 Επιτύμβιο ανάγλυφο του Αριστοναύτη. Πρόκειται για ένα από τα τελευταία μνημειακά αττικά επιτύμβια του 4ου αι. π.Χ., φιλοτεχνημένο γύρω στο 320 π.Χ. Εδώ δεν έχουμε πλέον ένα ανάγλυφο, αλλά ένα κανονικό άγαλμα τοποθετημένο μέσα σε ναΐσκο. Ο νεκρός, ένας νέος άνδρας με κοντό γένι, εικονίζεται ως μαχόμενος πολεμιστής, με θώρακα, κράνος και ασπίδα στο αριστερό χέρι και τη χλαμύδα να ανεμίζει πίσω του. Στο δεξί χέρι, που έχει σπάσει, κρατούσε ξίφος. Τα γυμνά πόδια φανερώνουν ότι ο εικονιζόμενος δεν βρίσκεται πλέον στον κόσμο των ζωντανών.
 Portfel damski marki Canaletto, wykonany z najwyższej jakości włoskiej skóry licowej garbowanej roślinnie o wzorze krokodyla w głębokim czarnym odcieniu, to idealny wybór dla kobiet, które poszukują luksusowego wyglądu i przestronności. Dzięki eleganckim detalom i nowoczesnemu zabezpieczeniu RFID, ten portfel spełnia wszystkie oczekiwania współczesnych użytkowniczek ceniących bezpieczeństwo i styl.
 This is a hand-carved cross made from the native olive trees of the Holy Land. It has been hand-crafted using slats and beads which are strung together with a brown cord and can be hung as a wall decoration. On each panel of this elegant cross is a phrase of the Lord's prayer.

* * *

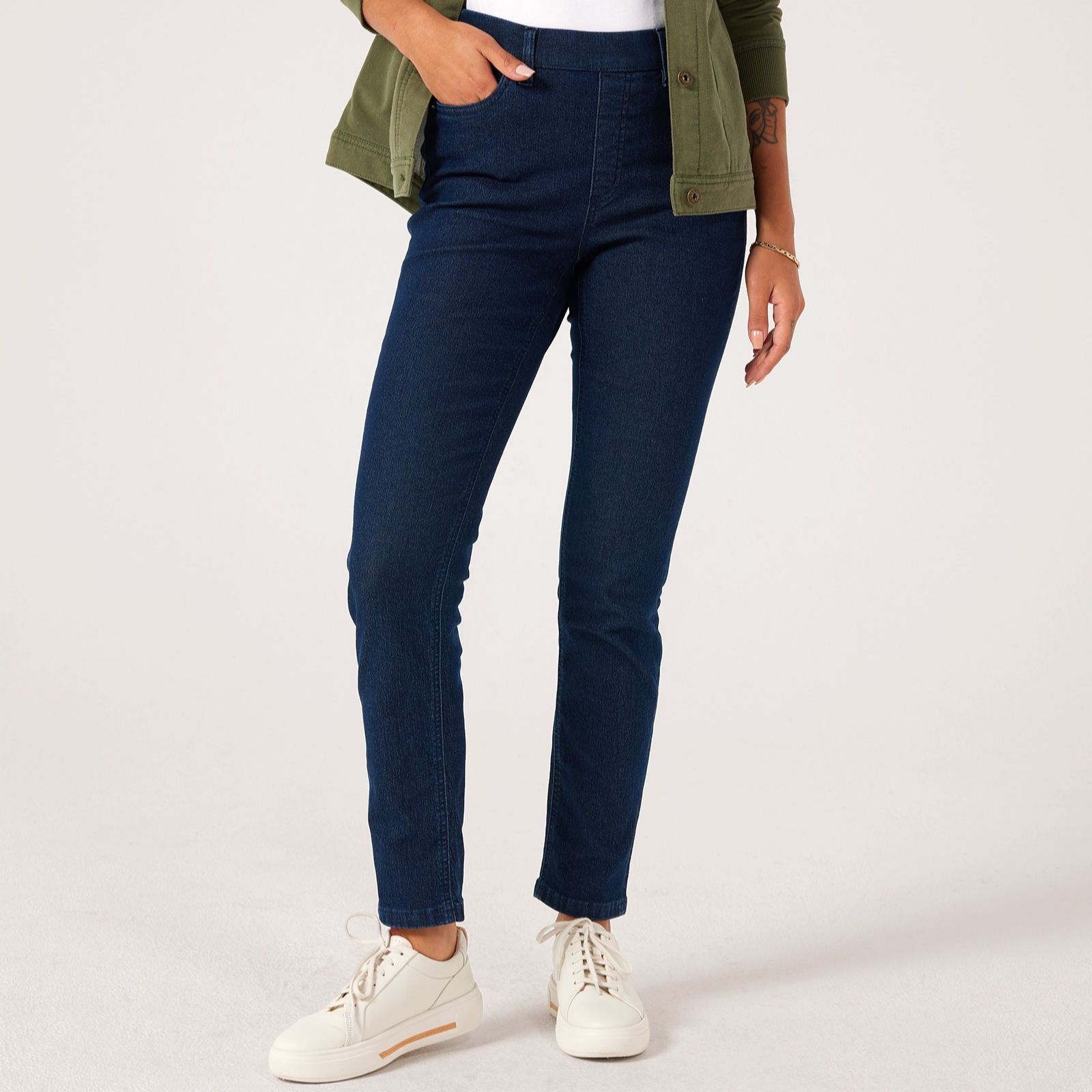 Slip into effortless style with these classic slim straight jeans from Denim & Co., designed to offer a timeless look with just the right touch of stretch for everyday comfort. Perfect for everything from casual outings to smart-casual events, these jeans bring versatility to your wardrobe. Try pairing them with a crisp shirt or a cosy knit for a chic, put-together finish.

==

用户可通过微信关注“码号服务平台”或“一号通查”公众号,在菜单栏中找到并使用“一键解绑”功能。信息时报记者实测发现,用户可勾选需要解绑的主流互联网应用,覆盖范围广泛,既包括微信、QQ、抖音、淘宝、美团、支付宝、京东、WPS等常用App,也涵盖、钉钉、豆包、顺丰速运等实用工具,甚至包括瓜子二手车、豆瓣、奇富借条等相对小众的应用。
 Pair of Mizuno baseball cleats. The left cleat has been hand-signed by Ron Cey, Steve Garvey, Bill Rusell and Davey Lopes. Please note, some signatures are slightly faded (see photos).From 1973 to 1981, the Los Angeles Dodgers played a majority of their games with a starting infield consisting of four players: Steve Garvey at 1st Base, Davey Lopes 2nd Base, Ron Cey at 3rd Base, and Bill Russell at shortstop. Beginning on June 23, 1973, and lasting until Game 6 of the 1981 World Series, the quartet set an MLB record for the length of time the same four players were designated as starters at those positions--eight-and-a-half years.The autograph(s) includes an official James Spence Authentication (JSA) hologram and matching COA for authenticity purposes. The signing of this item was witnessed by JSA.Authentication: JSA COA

* REQUIRED ACTION: Above are the records. Copy the lines beginning at the one that has "Επιτύμβιο ανάγλυφο του" and ending with the one that has "This is a hand-carved", unchanged.

* EXERCISE RESPONSE:
 Επιτύμβιο ανάγλυφο του Αριστοναύτη. Πρόκειται για ένα από τα τελευταία μνημειακά αττικά επιτύμβια του 4ου αι. π.Χ., φιλοτεχνημένο γύρω στο 320 π.Χ. Εδώ δεν έχουμε πλέον ένα ανάγλυφο, αλλά ένα κανονικό άγαλμα τοποθετημένο μέσα σε ναΐσκο. Ο νεκρός, ένας νέος άνδρας με κοντό γένι, εικονίζεται ως μαχόμενος πολεμιστής, με θώρακα, κράνος και ασπίδα στο αριστερό χέρι και τη χλαμύδα να ανεμίζει πίσω του. Στο δεξί χέρι, που έχει σπάσει, κρατούσε ξίφος. Τα γυμνά πόδια φανερώνουν ότι ο εικονιζόμενος δεν βρίσκεται πλέον στον κόσμο των ζωντανών.
 Portfel damski marki Canaletto, wykonany z najwyższej jakości włoskiej skóry licowej garbowanej roślinnie o wzorze krokodyla w głębokim czarnym odcieniu, to idealny wybór dla kobiet, które poszukują luksusowego wyglądu i przestronności. Dzięki eleganckim detalom i nowoczesnemu zabezpieczeniu RFID, ten portfel spełnia wszystkie oczekiwania współczesnych użytkowniczek ceniących bezpieczeństwo i styl.
 This is a hand-carved cross made from the native olive trees of the Holy Land. It has been hand-crafted using slats and beads which are strung together with a brown cord and can be hung as a wall decoration. On each panel of this elegant cross is a phrase of the Lord's prayer.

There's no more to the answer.